Haven't tried brats yet.. The closest thing I have tried is a chili cheese dog fattie.. Your idea sounds like it would be awesome!!


----------



## gmc2003 (Jun 23, 2018)

Can't say I have, but it does sound good. Maybe some sauerkraut and/or peppers and onions. 

Chris


----------



## SmokinAl (Jun 23, 2018)

I do them with hot dogs, bacon, jalapenos, & Swiss cheese.
I don't see why a brat wouldn't be about the same as a hot dog.
I also split the hot dog down the middle twice so you have 4 lengthwise pieces.
It spreads out & rolls up easier.
Al


----------



## RiversideSm0ker (Jun 23, 2018)

sauced said:


> Has anyone filled a fatty with bratwurst before? If so, what else did you add. I am thinking of adding Muenster cheese and pan fried pirogies.
> 
> Thanks


Damn that sounds like a great combo. I haven’t eaten yet and now I’m hungry for this.

George


----------



## ab canuck (Jun 23, 2018)

Sounds like a great idea!!!!


----------



## chopsaw (Jun 23, 2018)

I keep thinking pickled red cabbage and sliced apples .


----------



## sauced (Jun 23, 2018)

Thanks Al....great idea about splitting them. No sauerkraut as there are some that don’t like it. Thanks everyone for the suggestions!


----------



## ritchierich (Jul 1, 2018)

You could cut the casings off the brats and roll it flat and then add your cheese and pirogies too.


----------



## TomKnollRFV (Jul 1, 2018)

I'd make sure the brats are good quality, not those pre cooked grease rolls you can buy.

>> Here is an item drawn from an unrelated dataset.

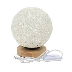 Luminária no formato de uma bola branca em uma base de madeira com 18 cm de altura e 15 cm de diâmetro.

Also I feel I should pull the trigger and do this too, what with being from Wisconsin and all!


----------



## sauced (Jul 1, 2018)

I have bratwurst that came from Germany.  Plan on slicing them length wise and pan fry. Cook pierogies and pan fry as well. Mustard on the side.


----------



## sauced (Jul 19, 2018)

This fattie did not go over as well as I thought it would. Maybe some sauerkraut added to the filling would have helped, but there were several guests who don't like it. Back to the drawing board on this one.
Also made a fattie with a smoked macaroni and cheese filling....they devoured it!!


----------



## TomKnollRFV (Jul 19, 2018)

sauced said:


> This fattie did not go over as well as I thought it would. Maybe some sauerkraut added to the filling would have helped, but there were several guests who don't like it. Back to the drawing board on this one.
> Also made a fattie with a smoked macaroni and cheese filling....they devoured it!!


Curious what went wrong? Filling to mushy or? I'm about to do one tommorrow..or saturday.


----------



## sauced (Jul 19, 2018)

Don't think there was enough bratwurst in middle. The pierogies pretty much flattened out, hard to tell what they were. Again, no mustard or sauerkraut in middle which I think would have really helped. Tasted like it was missing something. Had several guests that don't like mustard and sauerkraut.


----------



## TomKnollRFV (Jul 19, 2018)

sauced said:


> Don't think there was enough bratwurst in middle. The pierogies pretty much flattened out, hard to tell what they were. Again, no mustard or sauerkraut in middle which I think would have really helped. Tasted like it was missing something. Had several guests that don't like mustard and sauerkraut.


Hrm. Well, it's all an experiment !


----------